Great route! Maybe a little soft. Who knows? I think this would be an awesome "first" shelf road 13a, as it was for me. Fun movement on some ever so tiny holds. Branching out left is a fairly logical finish at the top, I haven't seen anyone go straight up. I guess if you want to add another letter grade stay on the upper headwall and don't use the huge opposing wall and jugs in the crack. Great fun!
By dancesatmoonrise
Jul 17, 2012
rating: 5.12d 7c 28 IX 28 E6 6b

Agree with Curt; great first 13a, but soft. I wasn't climbing at the 13 level when we did it in 1999, so while confidence-inspiring, it probably goes at 12c or 12d.
By Jack Sparrow
From: denver, co
Sep 4, 2013

So, I assume Will bolted this route, since he seems to know what's on and what's not. Crack on the left is fair game in my book.
By Train4life
From: Boulder, CO
Jan 23, 2014

I'd say just downgrade the route if you think it's not 13a with the crack, but this isn't gym climbing...cracks are on! If it's the most obvious way and the point of least resistance, maybe it should just be 12c or 12d now then!
By Mike to the B
Feb 16, 2015
rating: 5.12d 7c 28 IX 28 E6 6b

Perfect shelf crimping on some interesting, marble-esque limestone ... only wish it was another 50ft! I'd love to claim the 13a, but after dispatching on only three tries (using the crack)...I just couldn't, especially compared to crimpy 12+'s like Power Bulge (in the Flats).

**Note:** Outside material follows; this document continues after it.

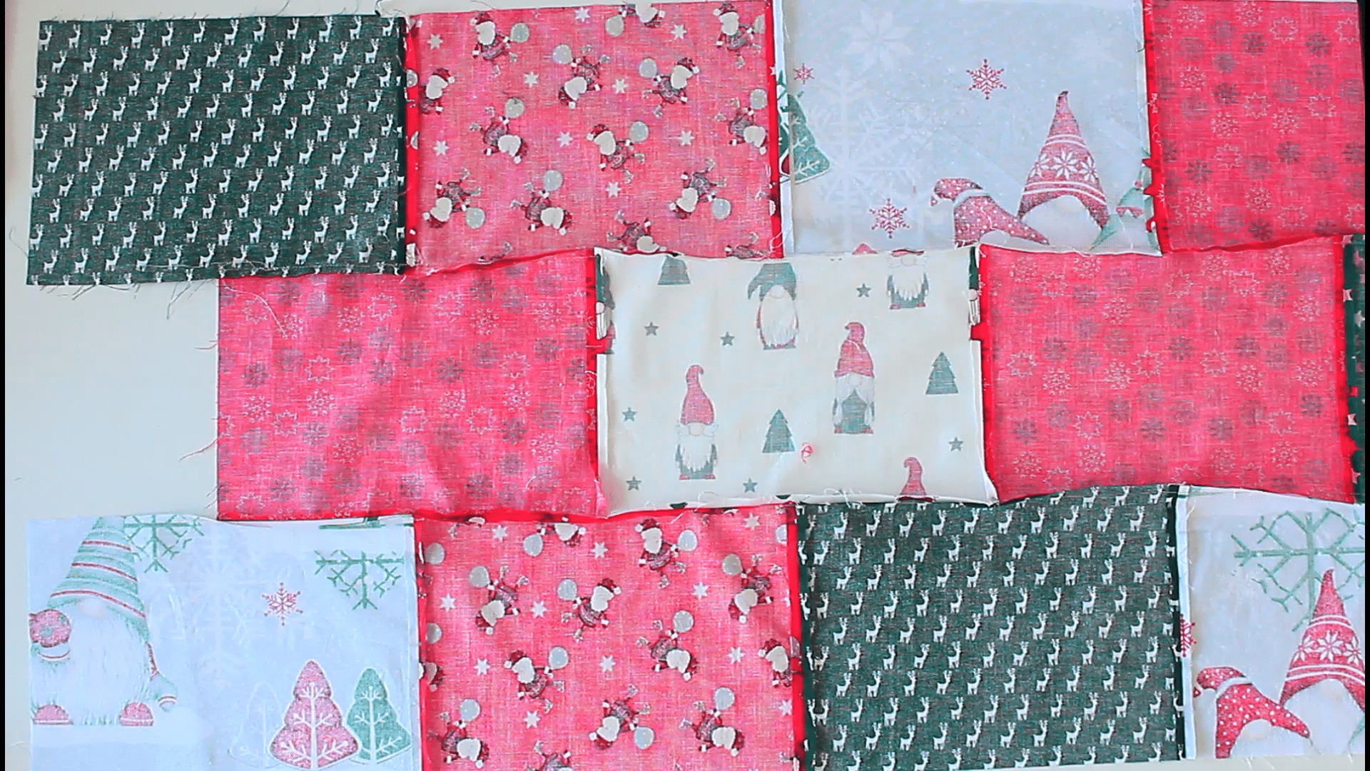 - Next, it's time to arrange the blocks in 3 rows and mix and match the fabrics until you reach the desired pattern.

That being said, I also tried the direct finish and the final 3 moves (past the two pockets at the 5th bolt) are significantly harder than any 13a I've ever been on. If I had to guess, I'd say the direct finish clocks in at more at 13b/c territory.

In any case, just my opinion, and great route nonetheless.
By Darryl Roth
Feb 24, 2015

I belayed Dave when he made the FA. He didn't use the crack. I'll defer to the truth of the top statement by Monomaniac... "Anyway, it's a great route if you have a pair of Shelf Road Blinders, but trying to establish a consensus grade on something like this is pointless."